Наконец, члены Великого совета приняли решение. Они явились в лагерь
наемников, как соседи, без ожерелий и поясов, в открытых сандалиях. Они
шли спокойным шагом, кланяясь начальникам, останавливаясь, чтобы
поговорить с солдатами, заявляя, что теперь со всем покончено и все их
требования будут удовлетворены.
Многие из них впервые видели лагерь наемников. Вместо суеты, которой
они ожидали, в лагере царил и порядок, и грозное молчание. Вал укрывал
войско за высокой стеной, неприступной для катапульт. Улицы внутри лагеря
были политы свежей водой; из отверстий в палатках выглядывали горевшие во
мраке дикие взоры. Связки пик и развешенное оружие ослепляли своим
блеском, как зеркала. Пришедшие говорили между собой вполголоса. Они
боялись задеть и опрокинуть что-нибудь своими длинными одеждами.
Солдаты стали требовать съестных припасов, обязуясь уплатить за них из
тех денег, что были им должны.
Им послали быков, баранов, цесарок, сушеные плоды, волчьи бобы и
копченую скумбрию, ту превосходную скумбрию, которую Карфаген отправлял во
все порты. Но солдаты глядели с пренебрежением на великолепный скот и
нарочно хулили соблазнявшие их припасы; они предлагали за барана стоимость
голубя, а за трех коз - цену одного гранатового яблока. Пожиратели
нечистой пищи выступали в качестве оценщиков и заявляли, что их
обманывают. Тогда наемники обнажали мечи, угрожая резней.

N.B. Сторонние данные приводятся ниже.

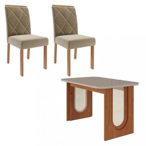 A Mesa Valentina destaca-se pelo design artístico, com base em MDF que garante estabilidade e detalhe em tela sintética, que adiciona elegância e textura. O tampo de vidro temperado traz modernidade, leveza e segurança. A Cadeira Fernanda combina elegância, conforto e funcionalidade, com estrutura de madeira que oferece durabilidade e um toque rústico. Seu estofamento de alta qualidade garante conforto, e seu sistema facilita a montagem.
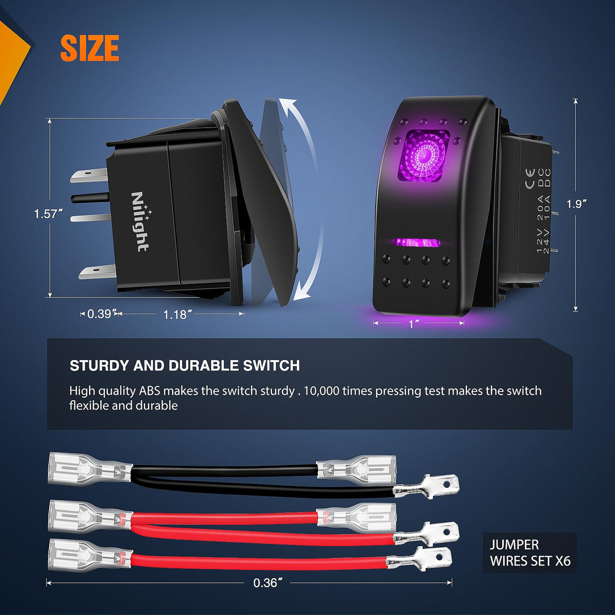 Q: What makes the Nilight rocker switches durable?A: The Nilight rocker switches are made of high-quality plastic and feature well-conductive pins, ensuring long-lasting durability and reliability for general use in various applications.
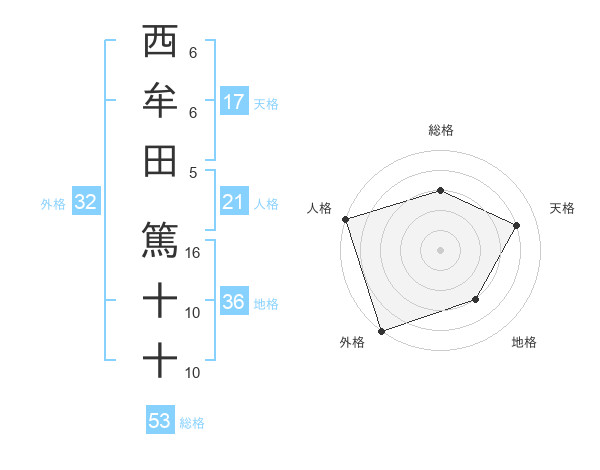 西牟田 篤十十さんを姓名の画数から五運を鑑定
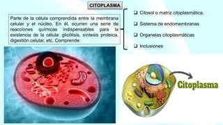 El citoplasma está compuesto por el citosol y varias organelas encerradas en membranas. El citosol contiene el citoesqueleto formado por microtúbulos, microfilamentos y filamentos intermedios que dan forma y permiten el movimiento celular. El sistema de endomembranas incluye el retículo endoplasmático rugoso y liso, el complejo de Golgi, lisosomas y vacuolas. Las mitocondrias, cloroplastos y otros plastidios tienen doble membrana. Los ribosomas, centrosomas y otros
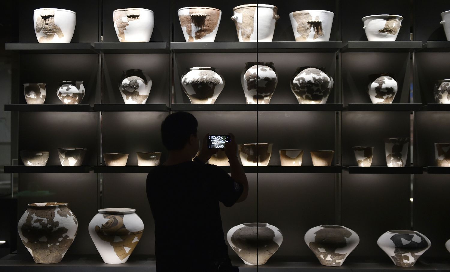 6月22日,参观者在三门峡庙底沟博物馆内参观拍照。(图片来源:新华社)
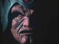 Close on Grimlord, talking as his eyes glow red, then his right fist clenches and glows red as well. |
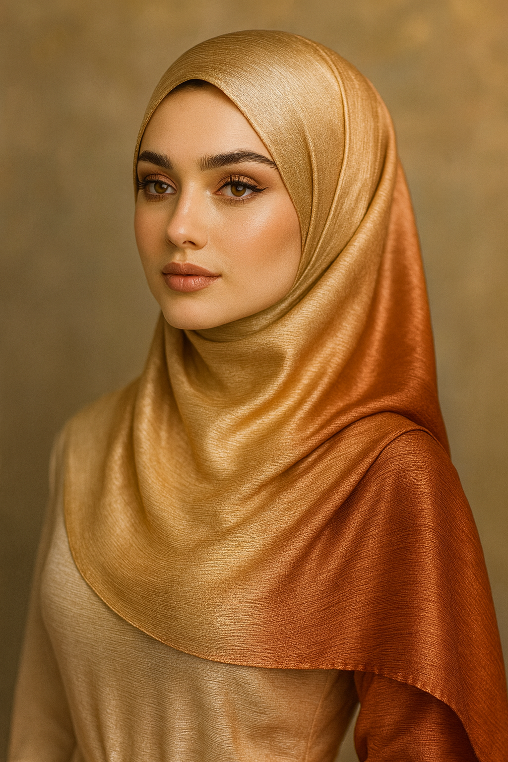 Silk Double Tone Hijab (Cream & Rust )
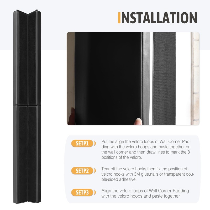 - 【Corner Safety Padding】This Wall corner Padding is made of 2” thick high-quality foam, high elasticity, and excellent cushioning. Even under intense impact, it is not easy to deform. Our impact absorbing corner post pads wrap sharp corners to provide an extra level of cushioning safety.
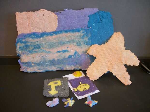 - Mezcla de dos colores de cartulina y ver qué color de pulpa es crear (por ejemplo azul y papel amarillo producen pulpa verde).
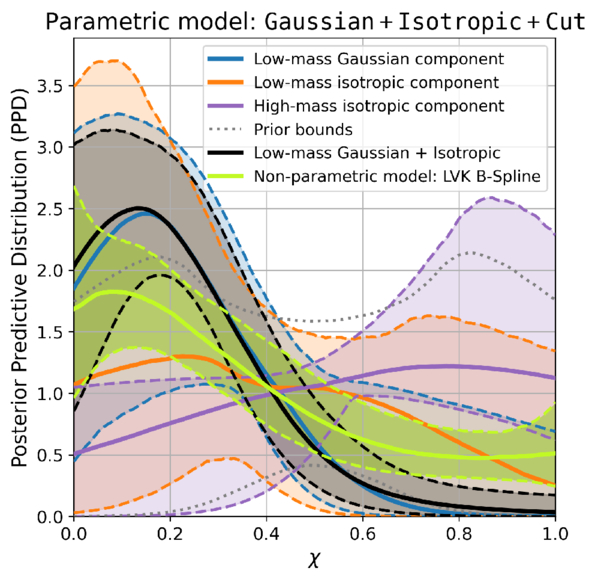PPD of the black hole spin magnitude distribution in the Gaussian Isotropic Cut model. Blue shows the magnitude distribution of the low-mass Gaussian component (parameterized by μχ and σχ), orange that of the low-mass isotropic component (﹩{\mu }_{\chi }^{{\rm{Iso}}}﹩ and ﹩{\sigma }_{\chi }^{{\rm{Iso}}}﹩), and purple that of the high-mass isotropic component (﹩{\mu }_{\chi }^{{\rm{HighIso}}}﹩ and ﹩{\sigma }_{\chi }^{{\rm{HighIso}}}﹩). The transition between low- and high-mass components is inferred at a primary mass cutoff of ﹩\tilde{m}\approx 44.{3}_{-4.6}^{+8.7}\,{M}_{\odot }﹩. The green color shows the nonparametric B-spline model of The LIGO, Virgo, and KAGRA Collaborations (2025a, 2025e ). Solid lines and shaded envelopes indicate medians and 90% credible intervals, respectively. The dotted lines show the prior bounds of the single-component models.
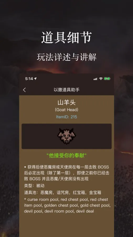 3.道具详情这款APP是工作之余弄的初版,完全处于对以撒这款游戏的热爱而做。
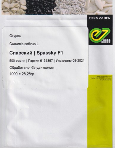 Среднеранний (41- 45 дней от всходов до плодоношения), пчелоопыляемый сорт смешанного типа цветения. Рекомендуется для выращивания в весенне-летних теплицах, под пленкой и в открытом грунте. Ценится за сильный огуречный аромат, высокие засолочные качества. Хрустящие и прятные на вкус, они— отличное подспорье в зимний период. Растение среднерослое и среднеплетистое. Зеленец цилиндрический, без горечи, длиной 7-9 см, крупнобугорчатый, опушение черное. Масса 80-95 г. Вкусовые качества свежих и консервированных плодов отличные. Схема посадки 40x40 см или 30x70 см. Урожайность 3,3-4 кг/м. Устойчив к основным заболеваниям огурца. Упаковка семян и инструкция на английском языке. (Cucumis sativus).
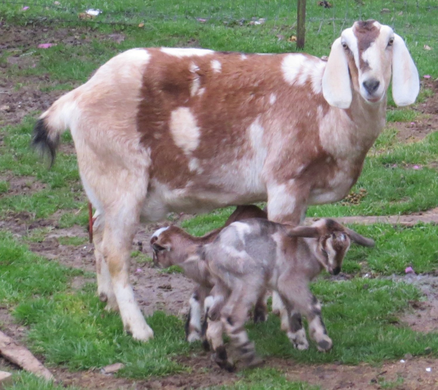 Wanda had two doelings! Born 2/20/2021. Daddy is the young Nigerian dwarf.I recently checked Wanda, and her udder is filling, which indicates that the little male managed to breed her. He's IMG_1043 on the Feb. 4 post but mostly grown up now. Attached is a picture I took the day they bred. I noticed my goats tend to sit next to each other after mating.View attachment 80263
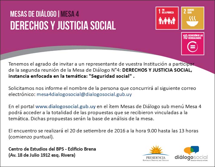 dialogo-social-mesa-4-20-set Publicado septiembre 15, 2016 en 709 × 550 en 160920 – 20 setiembre, 9 a 13 hs – Diálogo Social: Segunda reunión de la mesa 4, enfocada a la temática «Seguridad Social» Comparte esto: Compartir en LinkedIn (Se abre en una ventana nueva) LinkedIn Comparte en Facebook (Se abre en una ventana nueva) Facebook Imprimir (Se abre en una ventana nueva) Imprimir Enviar un enlace a un amigo por correo electrónico (Se abre en una ventana nueva) Correo electrónico Me gusta Cargando...
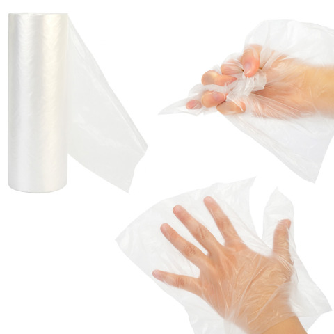 Guanti palmati trasparenti monouso. Sono a taglia unica, ideali per l'uso in luoghi pubblici, quali: supermercati oppure stazioni di servizio. Disponibili in rotolo da 200 guanti. Confezione composta da 25 rotoli.

Посланцы Великого совета записывали, за сколько лет службы следовало
заплатить каждому солдату. Но никак нельзя было установить, сколько взято
было на службу наемников, и старейшины пришли в ужас, когда выяснилось,
какую огромную сумму они должны уплатить. Пришлось бы продать запасы
сильфия и обложить податью торговые города. Но тем временем наемники
потеряли бы терпение; Тунис уже перешел на их сторону. Богатые, оглушенные
неистовством Ганнона и попреками его товарища, советовали горожанам сейчас
же отправиться каждому к знакомому ему варвару, чтобы вновь завоевать его
расположение дружескими словами. Такое доверие должно было успокоить
наемников.
Купцы, писцы, рабочие из арсенала, целые семьи отправились к варварам.
Наемники впускали к себе всех карфагенян, но только через один вход, и
такой узкий, что в нем едва могли поместиться рядом четыре человека.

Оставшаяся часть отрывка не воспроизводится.